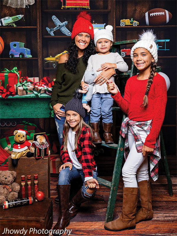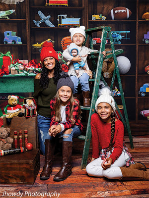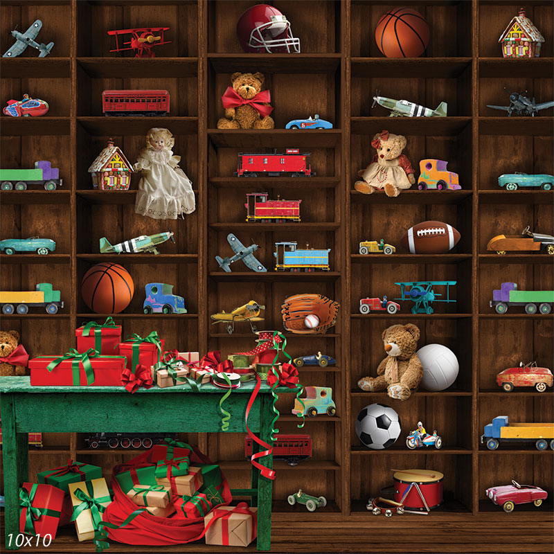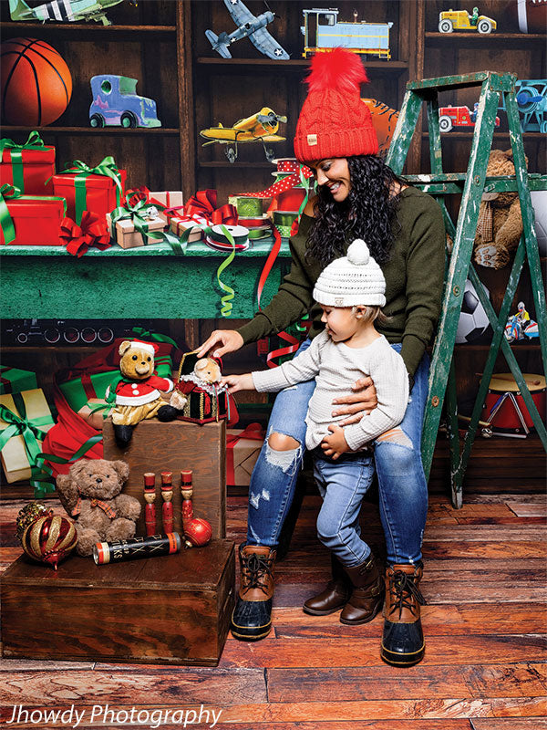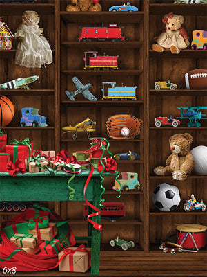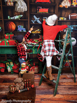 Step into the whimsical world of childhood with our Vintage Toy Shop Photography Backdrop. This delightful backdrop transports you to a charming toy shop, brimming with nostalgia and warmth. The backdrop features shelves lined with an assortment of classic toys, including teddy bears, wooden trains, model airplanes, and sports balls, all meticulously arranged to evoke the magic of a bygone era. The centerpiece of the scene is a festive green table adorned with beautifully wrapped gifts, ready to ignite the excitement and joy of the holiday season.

---

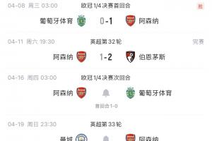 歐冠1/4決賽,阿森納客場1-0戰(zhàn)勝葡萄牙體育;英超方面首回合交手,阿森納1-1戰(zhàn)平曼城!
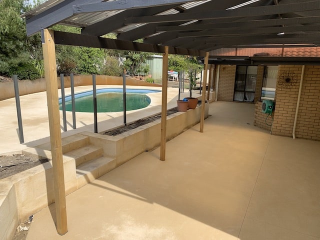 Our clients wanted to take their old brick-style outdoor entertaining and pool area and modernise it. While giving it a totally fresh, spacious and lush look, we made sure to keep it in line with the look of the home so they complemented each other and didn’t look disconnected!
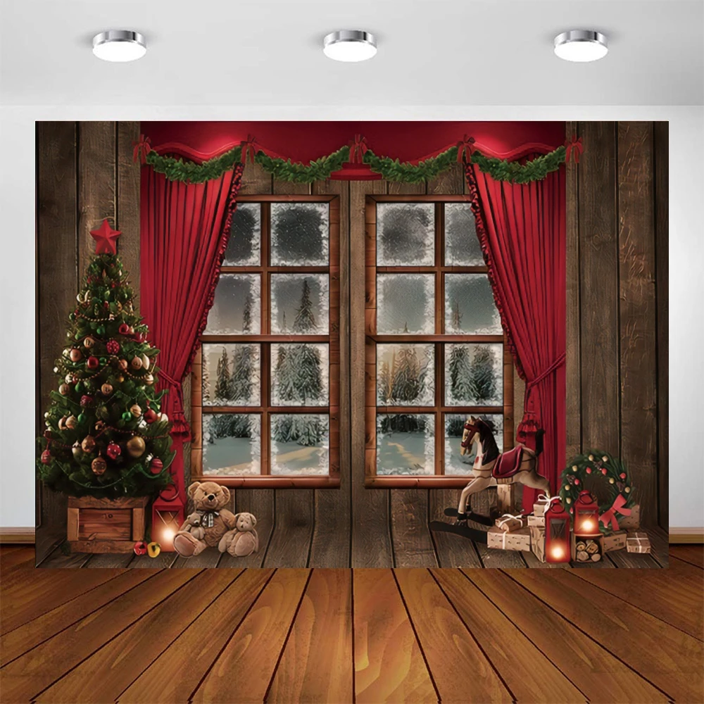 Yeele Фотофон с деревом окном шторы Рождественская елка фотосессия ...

Your goal => Between and including the line with "Our clients wanted" and the line with "Yeele Фотофон с", repeat every line exactly as it appears above, with pictures left out.

Reply to the exercise =>
 Our clients wanted to take their old brick-style outdoor entertaining and pool area and modernise it. While giving it a totally fresh, spacious and lush look, we made sure to keep it in line with the look of the home so they complemented each other and didn’t look disconnected!
 Yeele Фотофон с деревом окном шторы Рождественская елка фотосессия ...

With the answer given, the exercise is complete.